Only the lines below starting at the one that contains "現場,至靈學校張校長向志愿者" and ending at the one that contains "Botki Na Słupku Ażurowe Beżowe Brittany" are to be reproduced, exactly and with both ends kept.

▶ _Exercise data_

[Start of section]

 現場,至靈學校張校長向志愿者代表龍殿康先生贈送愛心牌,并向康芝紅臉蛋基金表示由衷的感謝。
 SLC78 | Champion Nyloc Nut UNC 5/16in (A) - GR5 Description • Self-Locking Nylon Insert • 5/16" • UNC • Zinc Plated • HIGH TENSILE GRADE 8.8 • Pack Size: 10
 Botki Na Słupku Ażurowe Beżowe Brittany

[End of section]
[Start of section]

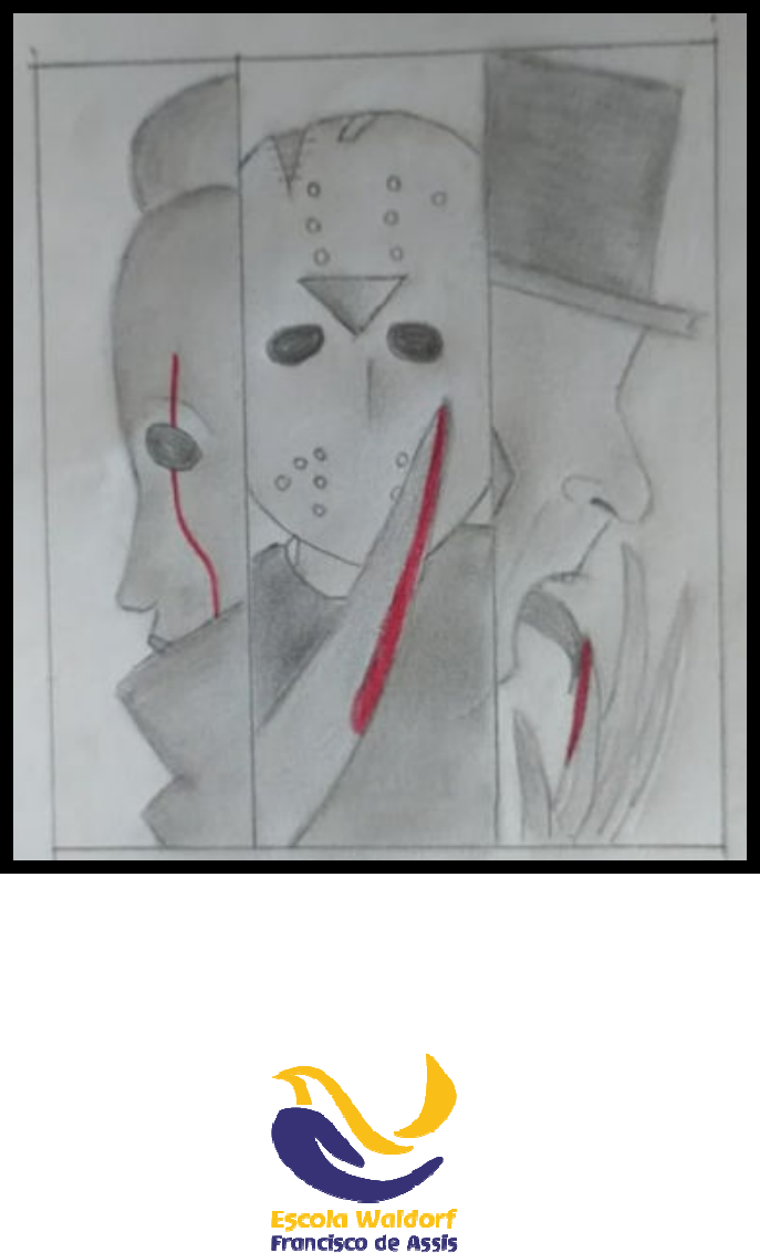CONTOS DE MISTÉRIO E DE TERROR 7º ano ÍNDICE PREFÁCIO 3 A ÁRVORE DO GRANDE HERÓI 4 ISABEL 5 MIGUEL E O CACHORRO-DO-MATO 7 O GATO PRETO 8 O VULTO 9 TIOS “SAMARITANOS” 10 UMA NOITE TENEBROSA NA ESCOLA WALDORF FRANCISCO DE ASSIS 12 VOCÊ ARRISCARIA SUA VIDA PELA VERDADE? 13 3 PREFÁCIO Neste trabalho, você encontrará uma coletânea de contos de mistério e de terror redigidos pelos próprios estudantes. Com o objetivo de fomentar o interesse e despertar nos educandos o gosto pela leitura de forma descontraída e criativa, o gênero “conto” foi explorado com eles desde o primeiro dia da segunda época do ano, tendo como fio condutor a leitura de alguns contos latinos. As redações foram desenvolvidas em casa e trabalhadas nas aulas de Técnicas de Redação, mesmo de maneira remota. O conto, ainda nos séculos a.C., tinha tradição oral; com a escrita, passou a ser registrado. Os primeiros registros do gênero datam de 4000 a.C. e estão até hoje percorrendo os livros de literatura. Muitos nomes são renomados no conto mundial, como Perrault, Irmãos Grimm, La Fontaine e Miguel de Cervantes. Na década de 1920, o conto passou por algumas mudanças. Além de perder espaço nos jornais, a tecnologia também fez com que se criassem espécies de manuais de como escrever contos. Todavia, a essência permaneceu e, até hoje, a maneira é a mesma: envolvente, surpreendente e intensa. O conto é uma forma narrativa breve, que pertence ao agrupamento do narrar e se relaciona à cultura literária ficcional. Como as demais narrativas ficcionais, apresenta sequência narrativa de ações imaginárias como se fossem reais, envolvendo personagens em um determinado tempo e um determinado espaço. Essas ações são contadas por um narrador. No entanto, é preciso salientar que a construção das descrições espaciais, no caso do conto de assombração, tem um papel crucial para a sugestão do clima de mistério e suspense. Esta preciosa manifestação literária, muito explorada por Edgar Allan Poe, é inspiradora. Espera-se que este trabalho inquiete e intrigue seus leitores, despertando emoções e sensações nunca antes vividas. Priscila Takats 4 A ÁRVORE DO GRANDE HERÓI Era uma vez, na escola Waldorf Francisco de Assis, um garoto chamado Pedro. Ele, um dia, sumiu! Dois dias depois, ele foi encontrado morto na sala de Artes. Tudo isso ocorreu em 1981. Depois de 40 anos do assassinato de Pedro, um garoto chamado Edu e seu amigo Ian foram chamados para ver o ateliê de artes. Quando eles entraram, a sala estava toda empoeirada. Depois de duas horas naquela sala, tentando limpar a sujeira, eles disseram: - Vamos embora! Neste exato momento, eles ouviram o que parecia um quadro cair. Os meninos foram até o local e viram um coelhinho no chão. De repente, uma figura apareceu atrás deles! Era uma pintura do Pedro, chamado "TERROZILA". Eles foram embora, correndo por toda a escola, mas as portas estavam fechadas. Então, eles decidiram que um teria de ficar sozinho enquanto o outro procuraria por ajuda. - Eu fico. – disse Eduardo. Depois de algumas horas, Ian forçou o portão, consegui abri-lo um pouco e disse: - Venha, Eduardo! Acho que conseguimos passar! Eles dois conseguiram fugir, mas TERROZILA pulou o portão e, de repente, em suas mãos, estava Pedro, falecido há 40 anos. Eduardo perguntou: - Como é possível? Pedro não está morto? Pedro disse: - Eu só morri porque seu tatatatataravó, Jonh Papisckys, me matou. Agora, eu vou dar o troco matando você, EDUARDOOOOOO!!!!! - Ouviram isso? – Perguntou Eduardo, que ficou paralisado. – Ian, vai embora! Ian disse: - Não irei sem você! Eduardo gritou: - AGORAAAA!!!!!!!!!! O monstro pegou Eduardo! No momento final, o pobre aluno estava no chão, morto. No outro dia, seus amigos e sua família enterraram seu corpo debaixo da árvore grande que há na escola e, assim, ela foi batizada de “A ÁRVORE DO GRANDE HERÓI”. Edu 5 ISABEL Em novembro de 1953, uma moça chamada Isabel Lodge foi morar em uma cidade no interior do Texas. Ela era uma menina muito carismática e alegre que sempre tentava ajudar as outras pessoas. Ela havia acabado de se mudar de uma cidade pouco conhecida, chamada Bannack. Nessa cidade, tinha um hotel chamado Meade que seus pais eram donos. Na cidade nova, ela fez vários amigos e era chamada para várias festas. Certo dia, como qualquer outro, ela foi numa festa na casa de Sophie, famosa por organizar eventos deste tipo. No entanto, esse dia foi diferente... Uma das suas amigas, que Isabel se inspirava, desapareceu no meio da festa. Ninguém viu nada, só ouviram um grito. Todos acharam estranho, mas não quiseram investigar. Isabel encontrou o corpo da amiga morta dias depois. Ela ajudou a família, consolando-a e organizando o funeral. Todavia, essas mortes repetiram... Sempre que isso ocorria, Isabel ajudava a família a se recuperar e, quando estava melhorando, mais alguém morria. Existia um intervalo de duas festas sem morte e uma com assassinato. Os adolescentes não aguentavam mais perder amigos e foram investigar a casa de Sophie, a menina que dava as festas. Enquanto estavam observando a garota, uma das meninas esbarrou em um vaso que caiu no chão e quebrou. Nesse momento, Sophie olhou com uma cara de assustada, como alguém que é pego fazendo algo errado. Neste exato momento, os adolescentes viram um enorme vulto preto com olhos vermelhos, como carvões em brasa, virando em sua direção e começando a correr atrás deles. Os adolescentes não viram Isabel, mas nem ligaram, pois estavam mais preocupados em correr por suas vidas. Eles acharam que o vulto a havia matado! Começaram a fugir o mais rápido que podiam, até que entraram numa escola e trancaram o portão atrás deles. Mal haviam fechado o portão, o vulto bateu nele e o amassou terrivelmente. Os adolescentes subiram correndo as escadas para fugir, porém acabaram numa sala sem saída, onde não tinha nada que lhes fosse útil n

[End of section]

▶ _Output of the task_
 現場,至靈學校張校長向志愿者代表龍殿康先生贈送愛心牌,并向康芝紅臉蛋基金表示由衷的感謝。
 SLC78 | Champion Nyloc Nut UNC 5/16in (A) - GR5 Description • Self-Locking Nylon Insert • 5/16" • UNC • Zinc Plated • HIGH TENSILE GRADE 8.8 • Pack Size: 10
 Botki Na Słupku Ażurowe Beżowe Brittany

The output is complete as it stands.